▸ Your instructions
Quote only the span from the first line of the entries to the line containing "校长蒋昌波为毕业生逐一拨穗正", both ends kept. Leave every picture out.

▸ Data to process

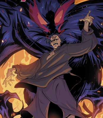 (Ghost Rider III#90) - As Blackheart used Noble Kale's spirit as bait for Ghost Rider, and powered up his operatives, including Wallow, Pao Fu, Doghead, and Verminus Rex, Black Rose watched and Skritch worried that his actions would mandate Mephisto's return. He sent his operatives against Mephisto.
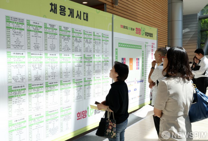 [서울=뉴스핌] 정일구 기자 = 11일 오후 서울 영등포구 FKI타워 컨퍼런스센터에서 열린 '2025 희망 업(UP) 취업박람회'에서 구직자들이 채용게시대를 살펴보고 있다. 한국경제인협회 중소기업협력센터와 영등포구청이 공동 개최한 이번 행사는 중장년 고용 확대와 경력 단절 해소, 지역 일자리 창출을 목표로 마련됐다. 2025.09.11 mironj19@newspim.com
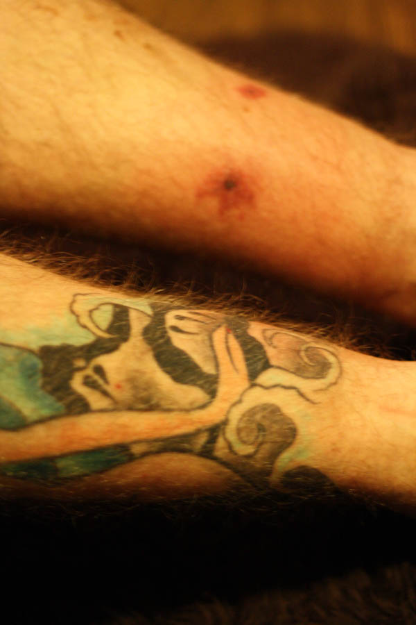 I react pretty badly, that was two days in, my legs went purpley blue after that and swelled up some more. I hate the little bastard things.
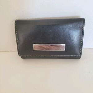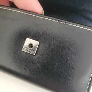 Gucci Logo Plate Key Holder Wallet Case Leather Small Unisex Black Trifold
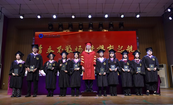 校长蒋昌波为毕业生逐一拨穗正冠、授予学位证书。毕业生们与校长握手、道谢、拥抱,并合影留念。
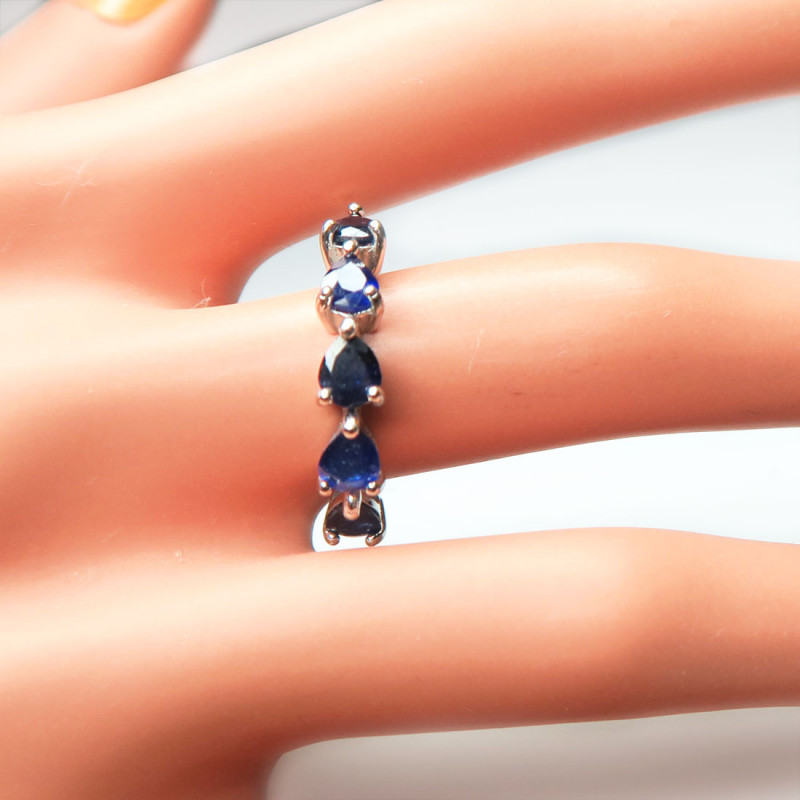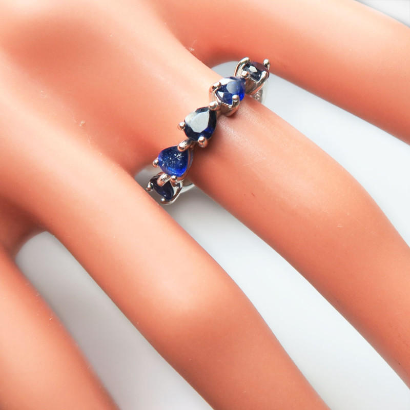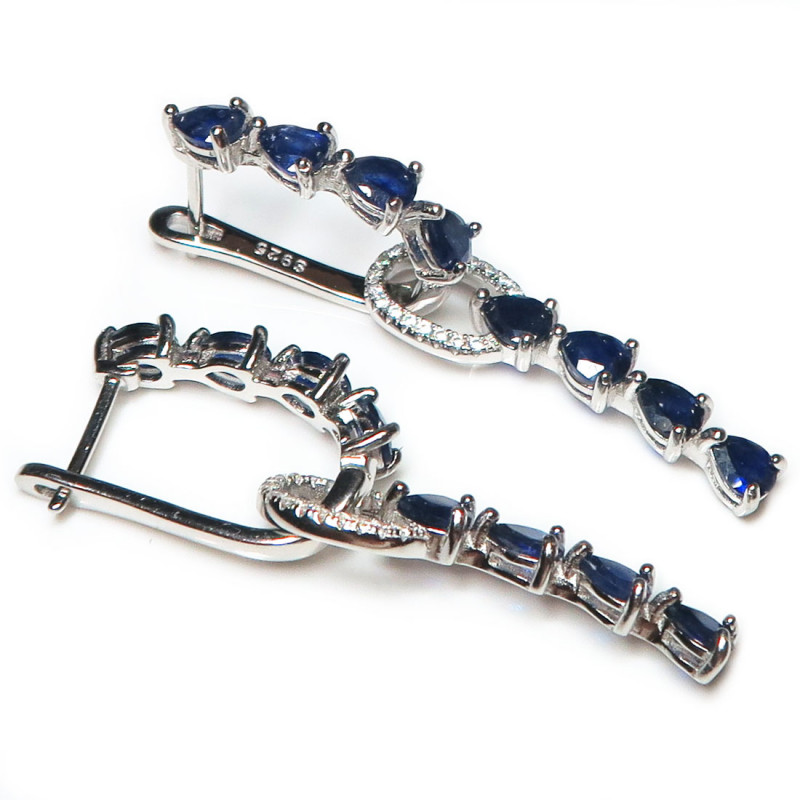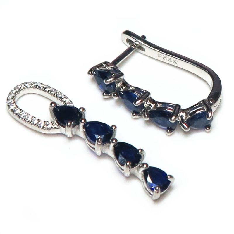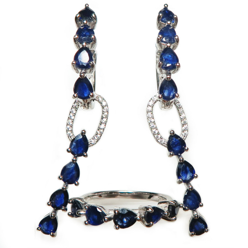 Комплект с сапфиром и мелкими фианитами, размер кольца 1775-18, вес комплекта 10.34 гр. Камни с огранкой, размер сапфиров 4*5 мм. Камни с хорошей прозрачностью. Длина серьги 5 см. с замком. Серьги можно одевать без нижней подвески, можно использовать подвеску как кулон. Металл серебро с родиевым покрытием, производство Таиланд.

▸ Response to this exercise
 (Ghost Rider III#90) - As Blackheart used Noble Kale's spirit as bait for Ghost Rider, and powered up his operatives, including Wallow, Pao Fu, Doghead, and Verminus Rex, Black Rose watched and Skritch worried that his actions would mandate Mephisto's return. He sent his operatives against Mephisto.
 [서울=뉴스핌] 정일구 기자 = 11일 오후 서울 영등포구 FKI타워 컨퍼런스센터에서 열린 '2025 희망 업(UP) 취업박람회'에서 구직자들이 채용게시대를 살펴보고 있다. 한국경제인협회 중소기업협력센터와 영등포구청이 공동 개최한 이번 행사는 중장년 고용 확대와 경력 단절 해소, 지역 일자리 창출을 목표로 마련됐다. 2025.09.11 mironj19@newspim.com
 I react pretty badly, that was two days in, my legs went purpley blue after that and swelled up some more. I hate the little bastard things.
 Gucci Logo Plate Key Holder Wallet Case Leather Small Unisex Black Trifold
 校长蒋昌波为毕业生逐一拨穗正冠、授予学位证书。毕业生们与校长握手、道谢、拥抱,并合影留念。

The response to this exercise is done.